Input for this task:
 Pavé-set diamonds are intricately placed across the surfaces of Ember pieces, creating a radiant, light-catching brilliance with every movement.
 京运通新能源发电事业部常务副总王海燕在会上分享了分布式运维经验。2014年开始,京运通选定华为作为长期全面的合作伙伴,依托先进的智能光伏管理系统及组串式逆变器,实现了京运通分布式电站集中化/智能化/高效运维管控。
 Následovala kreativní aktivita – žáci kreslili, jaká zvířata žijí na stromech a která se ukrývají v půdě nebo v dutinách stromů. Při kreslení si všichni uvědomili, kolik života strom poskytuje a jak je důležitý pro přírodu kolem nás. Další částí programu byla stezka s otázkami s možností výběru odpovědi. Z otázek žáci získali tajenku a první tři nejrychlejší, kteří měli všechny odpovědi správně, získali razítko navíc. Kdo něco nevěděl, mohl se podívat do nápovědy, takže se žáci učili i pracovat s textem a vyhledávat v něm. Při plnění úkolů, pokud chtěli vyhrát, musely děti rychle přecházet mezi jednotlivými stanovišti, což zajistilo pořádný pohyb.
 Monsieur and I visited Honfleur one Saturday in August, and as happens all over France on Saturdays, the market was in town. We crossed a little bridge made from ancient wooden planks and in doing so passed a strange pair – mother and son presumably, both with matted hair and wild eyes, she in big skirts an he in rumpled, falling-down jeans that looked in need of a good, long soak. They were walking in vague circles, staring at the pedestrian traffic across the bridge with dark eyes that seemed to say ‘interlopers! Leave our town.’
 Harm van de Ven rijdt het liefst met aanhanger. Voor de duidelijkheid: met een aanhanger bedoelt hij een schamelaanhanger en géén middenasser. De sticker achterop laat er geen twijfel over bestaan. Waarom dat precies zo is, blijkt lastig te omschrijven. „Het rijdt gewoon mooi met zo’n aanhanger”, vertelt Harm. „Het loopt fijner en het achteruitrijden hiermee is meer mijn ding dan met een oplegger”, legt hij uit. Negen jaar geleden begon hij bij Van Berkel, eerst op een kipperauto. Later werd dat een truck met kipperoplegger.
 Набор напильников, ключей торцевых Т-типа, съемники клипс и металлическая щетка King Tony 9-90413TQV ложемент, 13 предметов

Work item:
Which of the lines above hold the string "with"? Copy each one.

Response area:
 Pavé-set diamonds are intricately placed across the surfaces of Ember pieces, creating a radiant, light-catching brilliance with every movement.
 Monsieur and I visited Honfleur one Saturday in August, and as happens all over France on Saturdays, the market was in town. We crossed a little bridge made from ancient wooden planks and in doing so passed a strange pair – mother and son presumably, both with matted hair and wild eyes, she in big skirts an he in rumpled, falling-down jeans that looked in need of a good, long soak. They were walking in vague circles, staring at the pedestrian traffic across the bridge with dark eyes that seemed to say ‘interlopers! Leave our town.’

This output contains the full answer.